What happened next is the stuff of Friday night legends (albeit on a Thursday night). The two teams faced off over the next four — four — overtimes before the Buccs drove one down the Packers’ throats. The Packers denied the Buccs their point-after, bringing up one last chance for the Pack to turn everything around.
The first hike saw the Packers cut the distance to the goal by half. The next took the ball within spitting distance. Third down, and the Packers answered the Buccs touchdown, re-tying the game at 12 – 12.
Less than a minute later, the Packers did something that neither team had been able to do all night. They got the extra point. Final score, Packers 13 – Buccaneers 12.

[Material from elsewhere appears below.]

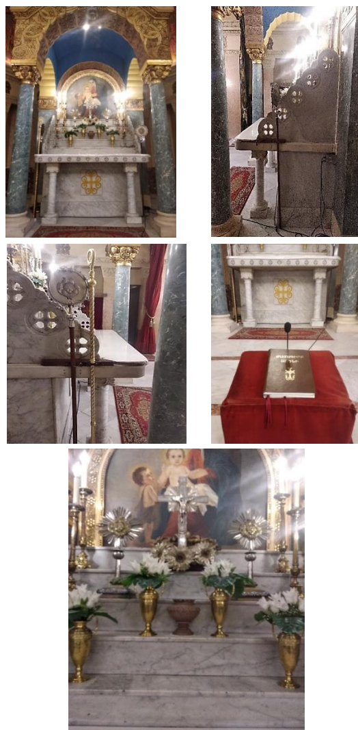
صورة (8) توضح مذبح بطريركية الأرمن الأرثوذكس من تصوير الباحث

توضح المذبح الرئيسي في كنيسة السيدة العذراء مريم السريان حيث من تصوير الباحث المذبح يعلو أرضية الهيكل بدرجة حوالي 10 سم يقف عليها الكاهن لأداء الطقوس و اللوتورية الخاصة بطقس القديس السرياني.

I couldn’t have been prouder for my son’s team, driving against fatigue and frustration to snatch victory out of the jaws of “good enough”. It was an amazing moment, but I’ll be honest, my proudest moment a full quarter before.
If I’ve harped on Caleb for anything this season, it would be him not driving through the offensive line. He’s a small guy, and at defensive tackle he’s often head and shoulders smaller than the guy he’s matched up with. Rather than using his size (or lack thereof) to his advantage, he has the habit of patty-caking with his counterpart, coming up just long enough to push off of the player and dart back from the line, running along the backside of the pile toward whoever has the ball. This often puts him in chase mode, never quite getting to the ball carrier before somebody else brings him down.
But on this particular play, a little bit of magic happened. Buccs center hikes the ball, and Caleb drives forward, likely expecting to patty-cake his match-up… only to find that he wasn’t there! The Buccs player had botched his assignment. To his credit, Caleb didn’t hesitate — he drove straight forward through the hole, catching the quarterback around the waist and pulling him down with him in a picture-perfect sack!
To say he was walking on clouds the rest of the game would be an understatement. You couldn’t slap the smile off his face. Even those times when he wasn’t overtly grinning, he had a look of contentment that could easily have passed for a grin. Battered and bruised though he was, I can tell you that he was feeling no pain.
Last night was a big night for the Packers, and an even bigger night for my son. But if I may be so bold, I think the night meant the most to me, because for the first time that I can remember, I saw my son push past his insecurities, exceed his limits, and lay claim to something that he simply would not be denied.